L’atmosphère, presque étouffante, dans les landes, avec tous ces personnages torturés est assez extraordinaire, et j’ai de suite eu un véritable coup de foudre pour l’écriture d’Emily Brontë : recherchée, et pourtant fluide, sans temps mort ou longues stagnation tuant le rythme…

 

Le coté immature des personnages féminins, et dur, renfermé, des personnages masculins m’a sauté au yeux : tous semblent encore être de jeunes adolescents alors que la vingtaine est déjà bien entamée !

 

Mais, ce qui m’a le plus fait frémir, est l’ardeur qu’Heathcliff met à recréer, avec la génération suivante, l’exact situation qui était la sienne, avec Catherine et Edgar !

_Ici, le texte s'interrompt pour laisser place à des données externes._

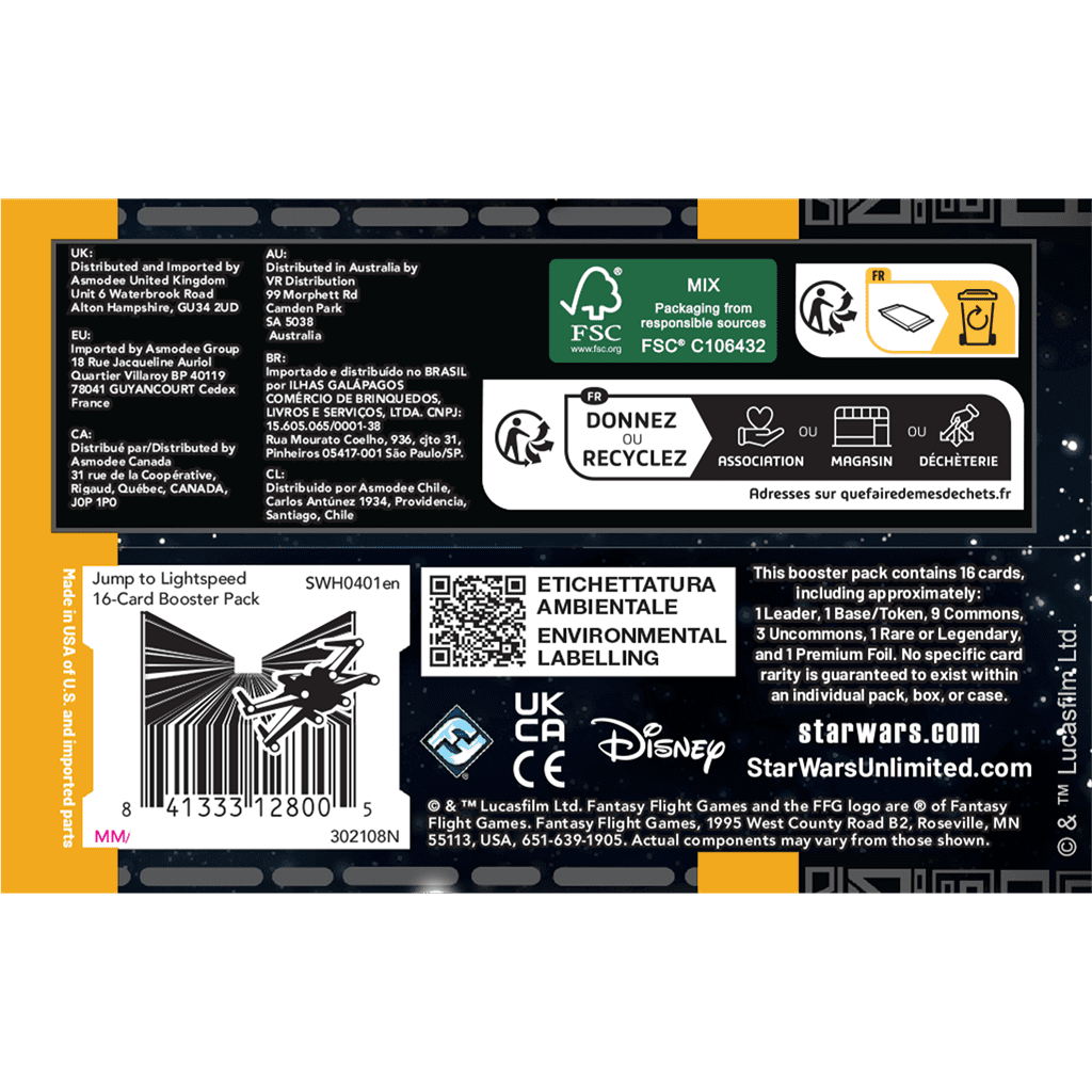 The Jump to Lightspeed set features characters and content from across multiple eras in the Star Wars galaxy, with a particular focus on epic space battles. Each booster pack can be used to build and upgrade decks for head-to-head, multiplayer, draft, or sealed play.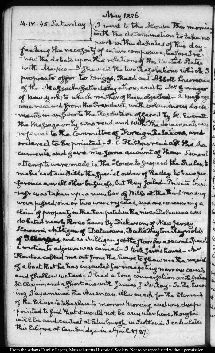 View full, authoritative transcriptions with page images of the diaries at John Quincy Adams Digital Diary part of the Primary Source Cooperative at the MHS.

En effet, on s’aperçoit bien vite qu’il prend même un plaisir extrèrement malsaint à voir Linton se pavaner devant une Cathy conquise, tandis qu’Hareton se retrouver à sa place d’enfant intelligent, brimé et mis de coté, affecté aux tâches d’un domestique.

 

C’est tout simplement grandiose quand on y pense ! Ce personnage possédait un je-ne-sais-quoi qui fait qu’il a beau faire les pires choses, je le lisais avec fascination ! Tandis que les deux Catherines et leurs bons sentiments de petite fille gatée me tapait presque sur le système !

Les seuls moments où j’ai apprécié la mère et la fille c’est lorsqu’elles parlaient pour la première d’Heathcliff, et la seconde d’Hareton.

 

S’il y a un personnage que je ne m’attendais pas à aimer, c’était bien Edgar ! Gosse de riche ayant tout pour lui, amorphe, inconsistant, sans aucun panache… Et pourtant… j’ai été touchée par son amour inconditionnel pour sa femme et sa fille, jusqu’à sa mort. On ne peut pas dire que ces deux là ne lui en auront pas fait baver !

 


J’aime cette fin : tout à commencé avec Heathcliff, tout fini avec lui. La boucle est bouclée, chacun peut à présent être heureux, en paix…

 

Extrait :

 

Mes grandes souffrances de ce monde ont été les souffrances d’Heathcliff, je les ai épiées et éprouvées depuis le début, chacune. Mon sentiment d’exister me vient de lui. Si tout périssait et qu’il demeure, je continuerais d’être, si tout demeurait et qu’il ne soit plus, l’univers me serait une puissance étrangère qui ne me serait rien.